McKinney B A, Crowe J E, Voss H U, Crooke P S, Barney N, Moore J H
Department of Pediatrics, Vanderbilt University Medical Center, Nashville, Tennessee 37232, USA.
Phys Rev E Stat Nonlin Soft Matter Phys. 2006 Feb;73(2 Pt 1):021912. doi: 10.1103/PhysRevE.73.021912. Epub 2006 Feb 22.

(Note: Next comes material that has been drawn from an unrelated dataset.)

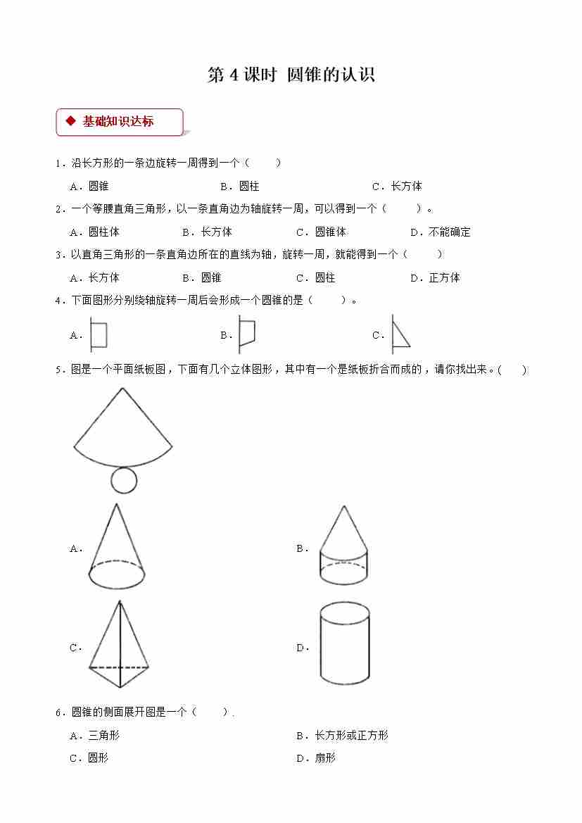 【一课一练】小学数学六年级下册第三单元《圆柱与圆锥)》-第4课时 圆锥的认识 -附答案-人教版
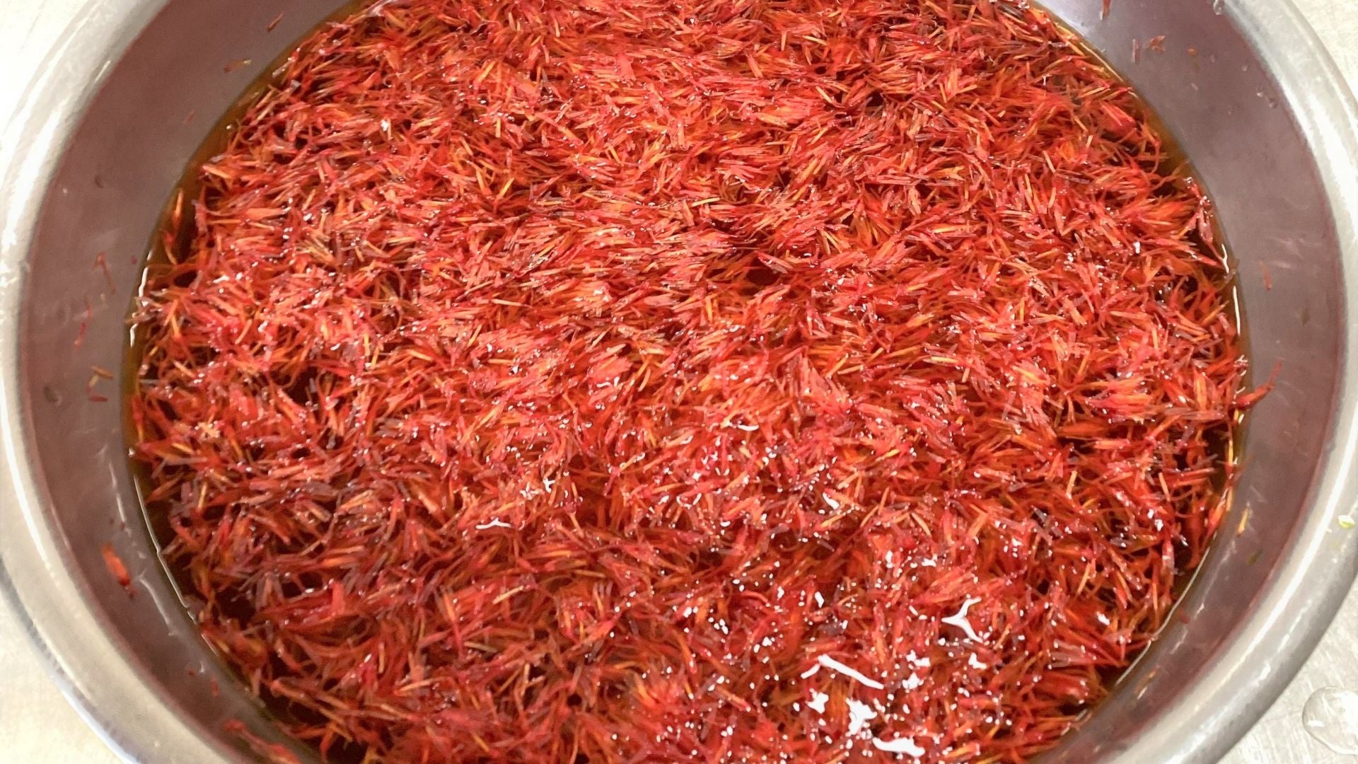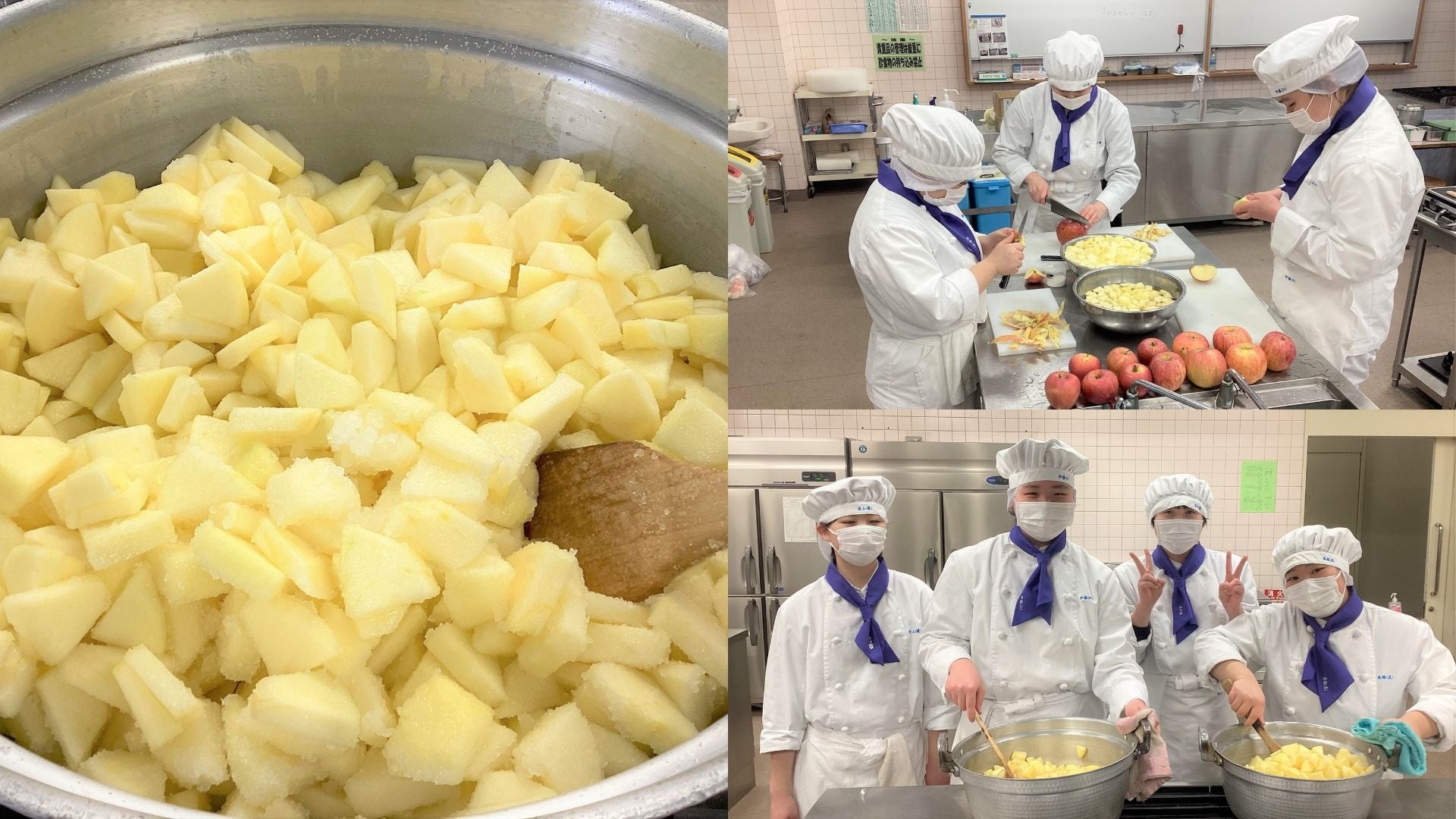 SDGs(フードロス)への意識が高まる昨今、山形学院高等学校の調理科では商品として出荷できないB級品のリンゴに付加価値を加えた商品化の検討を進めてきた。その結果、紅花とりんごを利用したジャムを考案。昨年11月の食フェスタ(調理科の文化祭)で販売し、見た目も味も良いと大変好評を得た。

We introduce a grammar-based hybrid approach to reverse engineering nonlinear ordinary differential equation models from observed time series. This hybrid approach combines a genetic algorithm to search the space of model architectures with a Kalman filter to estimate the model parameters. Domain-specific knowledge is used in a context-free grammar to restrict the search space for the functional form of the target model. We find that the hybrid approach outperforms a pure evolutionary algorithm method, and we observe features in the evolution of the dynamical models that correspond with the emergence of favorable model components. We apply the hybrid method to both artificially generated time series and experimentally observed protein levels from subjects who received the smallpox vaccine. From the observed data, we infer a cytokine protein interaction network for an individual's response to the smallpox vaccine.
我们引入了一种基于语法的混合方法,用于从观测到的时间序列中逆向工程非线性常微分方程模型。这种混合方法将用于搜索模型架构空间的遗传算法与用于估计模型参数的卡尔曼滤波器相结合。领域特定知识被用于上下文无关语法中,以限制目标模型函数形式的搜索空间。我们发现这种混合方法优于纯进化算法方法,并且我们观察到动态模型演化中的特征与有利模型组件的出现相对应。我们将这种混合方法应用于人工生成的时间序列以及接种天花疫苗受试者的实验观测蛋白质水平。从观测数据中,我们推断出个体对天花疫苗反应的细胞因子蛋白质相互作用网络。